50 Traffic Tips for Content Marketers [INTERACTIVE]

Set your systems up to automate the syndication of your content. This was one of a few tips from Brian Massey the conversion scientist. He covers automation in his Blog Volcano strategy here.

Forums particularly private memberships have been a massive support to me with my content. I am part of the Dynamite Circle and Fast Web Formula.

Getting a basic SEO setup for your blog is a must. Check out the Informly guide to content driven SEO as a good starting point.

Neil Patel has just released an amazing new guide to advanced SEO, check it out here.

Work out who has your audience (ideally a similar size) and partner on some content. This ebook on content marketing metrics produced by Convince and Convert and the Content Marketing Institute is a great example.

Blog listing sites can be a useful traffic source. The Informly blog was recently added to the Alltop small business section, I’ll monitor this to see how it goes as a traffic source.

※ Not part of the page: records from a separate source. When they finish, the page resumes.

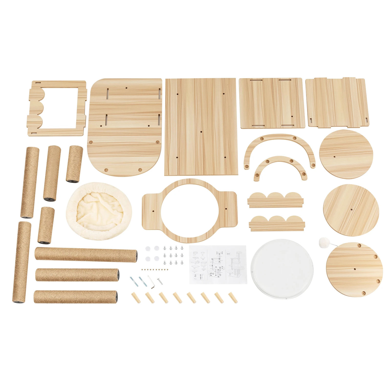 Multi-Level Wood Cat Tree Tower for Indoor All-in-one Pets Play Tree Climbing Jumping Toy Frame with Cushionss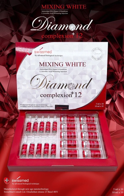 สูตรใหม่พัฒนาจากสูตรเดิม ขาวอมชมพูสูตรฉบับของ Mixing White ประสิทธิภาพเพิ่มมากขึ้นสำหรับปัญหา ผิวใหม้ ผิวแห้งกร้าน ผิวดำคล้ำแต่กำเนิด ส่วนผสมหลักสามารถยับยั้งและพัฒนาได้ต่อเนื่อง ทำให้ผิวหนังยืดหยุ่น ดูย้อนวัยอีกครั้งด้วย L- glutathione 12,000,000 mg ช่วยออกฤทธิ์ยับยั้งการสร้างเม็ดสีมากเกินไปทั่วร่างกาย สัมผัสการเปลี่ยนแปลงได้ใวมากขึ้น หลังใช้เพียง5-7 วัน มีส่วนผสมของวิตามินซี L-ascobic Acid 150,000 mg เป็นส่วนผสมที่ร่างกายต้องการมากที่สุด ช่วยลดเลือนจุดด่างดำต่างๆ ตามร่างกายได้ดีมาก เช่นจุดด่างดำจากสิว จากรอยแดด Cobalamin ช่วยให้ความจำ ระบบปราสาทดีขึ้น ช่วยการนอนหลับพักผ่อนลึกมากยิ่งขึ้น จึงทำให้growth hormone หลั่งได้เต็มที่ ด้วยส่วนผสมที่ลงตัว อัดแน่น ของ Mixing White Diamond Complextion12 จะทำให้เกิดปฏิกิริยาดื้อยาน้อยที่สุด และสามารถป้องกันอนุมูลอิสระได้สูงสุด ซึ่งเป็นสาเหตุที่ให้ดูแก่ก่อนวัย
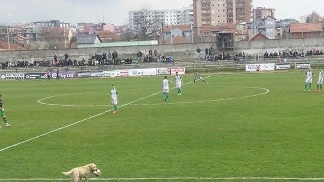 Kjo pamje ndodhi të dielën në stadiumin “Riza Lushta”, derisa lojtarët duke mos pasur se çfarë të bëjnë, vetëm shikonin qenin që ndodhej pranë vijës anësore, shkruan GazetaOlle.com.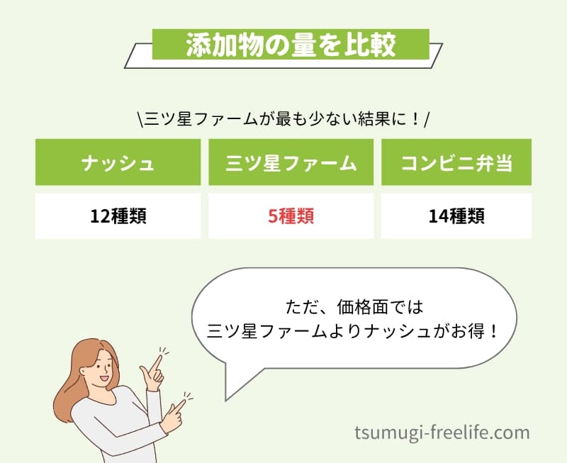 そこで、ナッシュと同様に人気の宅配食サービスである三ツ星ファームと、コンビニ弁当の添加物を比較してみました。

Guest posting is my most effective source of traffic and conversions but only since I started doing it effectively. Here is a guest post about guest posting I wrote for ProBlogger recently.

Joe Pulizzi from the Content Marketing Institute says “Take current PowerPoint presentations and promote them on SlideShare. It’s an excellent location to syndicate content you already have – no additional investment with content you already own.”

Doing a list post is a very well accepted way of generating traffic. I haven’t done one before so I figured I would try. This top 50 content traffic strategies post is my take on a list post.

Sometimes it helps to just email people cold. For this traffic strategies post I emailed all of the people below about contributing to the post (and more). Getting influencers on board will sure help your reach. I also did a similar thing for my podcasting guide which is now my most trafficked post.

Webinars can be a great way to build your authority and get your name out there. Jake Hower from the Multimedia Marketing Show just recorded a great podcast with Lewis Howes on this topic here.

Services like Help a Reporter Out (HARO) and Source Bottle allow content creators to find experts for articles. Sign up for the email and contact anyone writing an article in your area of expertise.

This should be second nature to content creators but it’s always worth thinking about what else you can give away for free. At Informly I give away big content like our guides, email courses, calculators and software as an example.

Having guests on your blog could come in many forms (not just guest posts). Brian Massey likes the strategy of ‘asking experts to spew’. He points to The Daily Egg blog which asks experts to comment on something (Websites in this case) and publishes their opinions / analysis.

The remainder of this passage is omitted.